⟨
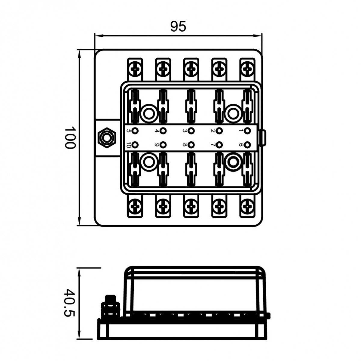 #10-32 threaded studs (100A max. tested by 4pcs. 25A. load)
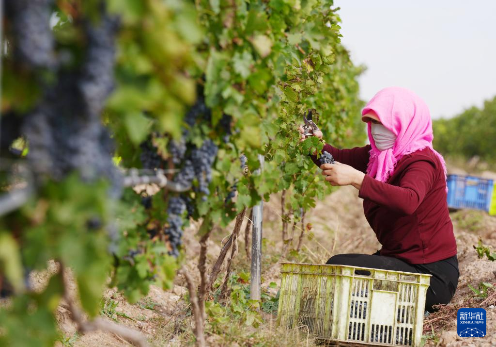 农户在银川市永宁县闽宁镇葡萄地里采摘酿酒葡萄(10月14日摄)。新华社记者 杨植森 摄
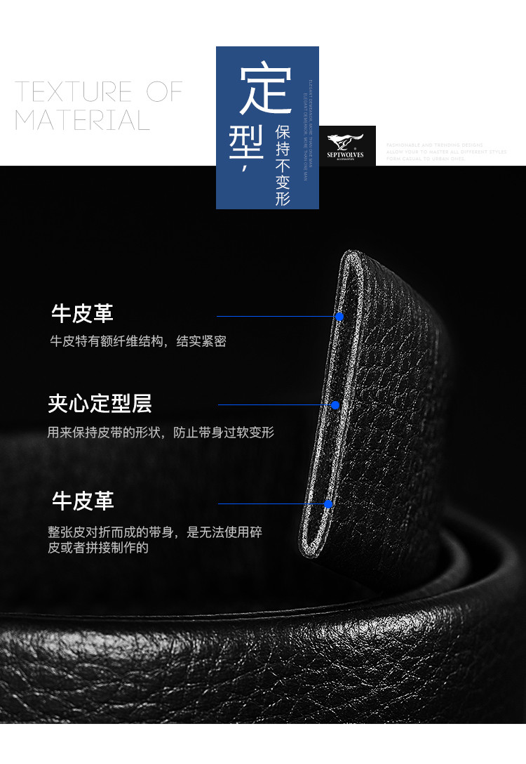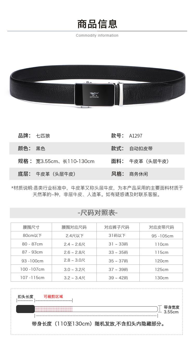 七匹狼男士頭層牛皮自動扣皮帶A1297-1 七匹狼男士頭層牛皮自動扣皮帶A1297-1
⟩
⟨
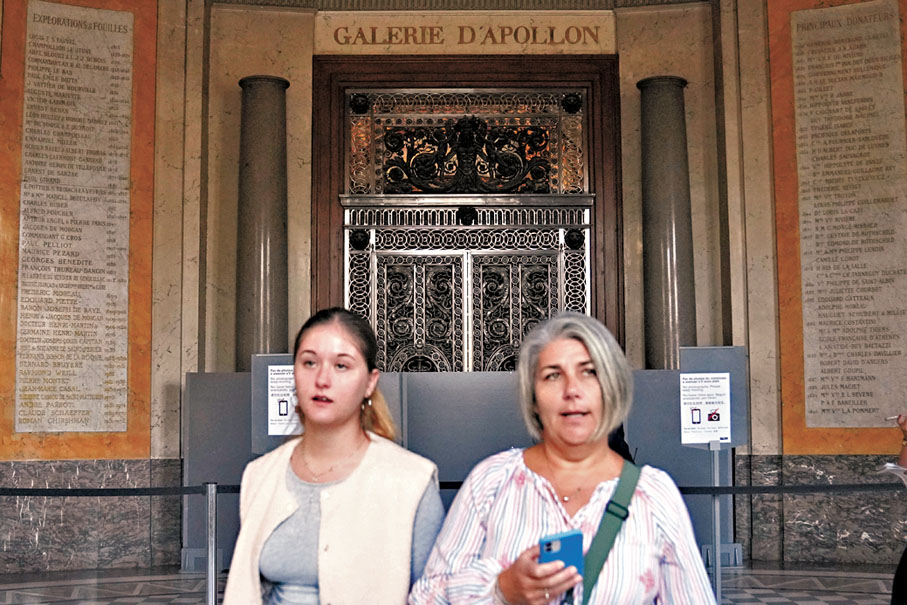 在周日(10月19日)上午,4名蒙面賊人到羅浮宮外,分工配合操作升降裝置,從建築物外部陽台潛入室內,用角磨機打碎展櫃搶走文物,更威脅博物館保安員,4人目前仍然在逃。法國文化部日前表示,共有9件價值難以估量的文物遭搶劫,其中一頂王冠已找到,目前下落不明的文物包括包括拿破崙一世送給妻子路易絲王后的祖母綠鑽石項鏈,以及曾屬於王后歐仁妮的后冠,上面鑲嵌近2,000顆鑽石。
⟩
The stretch above running from the line with "#10-32 threaded studs" through the line with "七匹狼男士頭層牛皮自動扣皮帶A1297-1 七匹狼男士頭" is all you should copy, exactly, leaving out the pictures.

Written response:
 #10-32 threaded studs (100A max. tested by 4pcs. 25A. load)
 农户在银川市永宁县闽宁镇葡萄地里采摘酿酒葡萄(10月14日摄)。新华社记者 杨植森 摄
 七匹狼男士頭層牛皮自動扣皮帶A1297-1 七匹狼男士頭層牛皮自動扣皮帶A1297-1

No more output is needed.